Sanat tarihçi ruhumla bu alanda en ilgi duyduğum, beni cezbeden değerlerden biri de taç kapılar olmuştur. Kolay değil Anadolu Selçukluları gibi güçlü ve şanlı bir devlete yine bu şana yakışır şekilde medreselere, hanlara, camilere efsanevi boyutlarda taç kapılar yapılması gerekirdi. Onlar da öyle yaptılar. Dönem ustaları o taşlara dantel işler gibi, resim yapar gibi hayranlık duyulurcasına kendilerinden yüzyıllarca söz ettirecek motifleri işlediler. O motiflerin her biri dile gelecek şekilde manalar taşıdı. Bir Divriği Ulu Cami desem… Neresinden başlanır ki bu abidevi eserin Anadolu Elhamrası’nın… Boşuna dememiş Evliya Çelebi ”Methinde diller kısır, kalem kırıktır” diye… Aynen de öyle. O yüzeyden taşmış üç boyutlu süslemeler o çift başlı kartal ikonografisi, o güneş ışığının geliş açısına göre tasarlanan silüetler… Yapan usta nur olsun yerinde dinlensin. Nasıl bir yetenek nasıl bir beceridir o hala düşündükçe, o motiflere baktıkça şaşarım. Sanki bir resme bir heykele bakıyormuş izlenimi veriyor insana. Hiç kusur tek bir hata olmadan taşa o şekli vermek tabi ki de her yiğidin harcı değildir.

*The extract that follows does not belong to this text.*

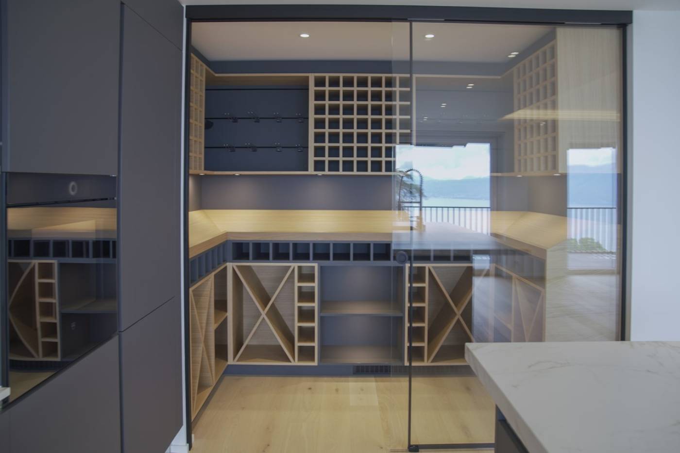 L’architecture, sobre et élégante, met en valeur le paysage grâce à de larges baies vitrées offrant une luminosité optimale et un panorama exceptionnel sur le lac et les Alpes.

Hele ki sadece teknolojinin esiri olarak yaşadığımız şu yüzyılda gençlerimizin estetiklikten ve sanatsal zekadan uzak olması, hatta duvara çivi bile çakamaması, 13. yüzyılın taş ustalarıyla mukayese edilmeyecek durumda olduğumuzun acı gerçekleri arasındadır.
Taç Kapılar
Demem o ki ben ne kadar anlatsam da görmek yaşamak gerekir o güzellikleri, iyisi mi yolunuz düşerse bir Divriği Ulu Camiye, bir Konya İnce Minareli Medresesi’ne, Erzurum Çifte Minareli Medrese’ye uğrayın derim. Tabi bu sadece Anadolu Selçuklu Devleti’ne özgü olmayıp Osmanlı sanatında da sürüp giden bir gelenek olmuştur. Lakin en çok adından söz ettiren dönem Selçuklular olmuştur. Sözün özü sanata estetiğe nasıl değer verildiği, bir devletin kendinden nasıl asırlarca söz ettirdiği o motiflerde saklıdır.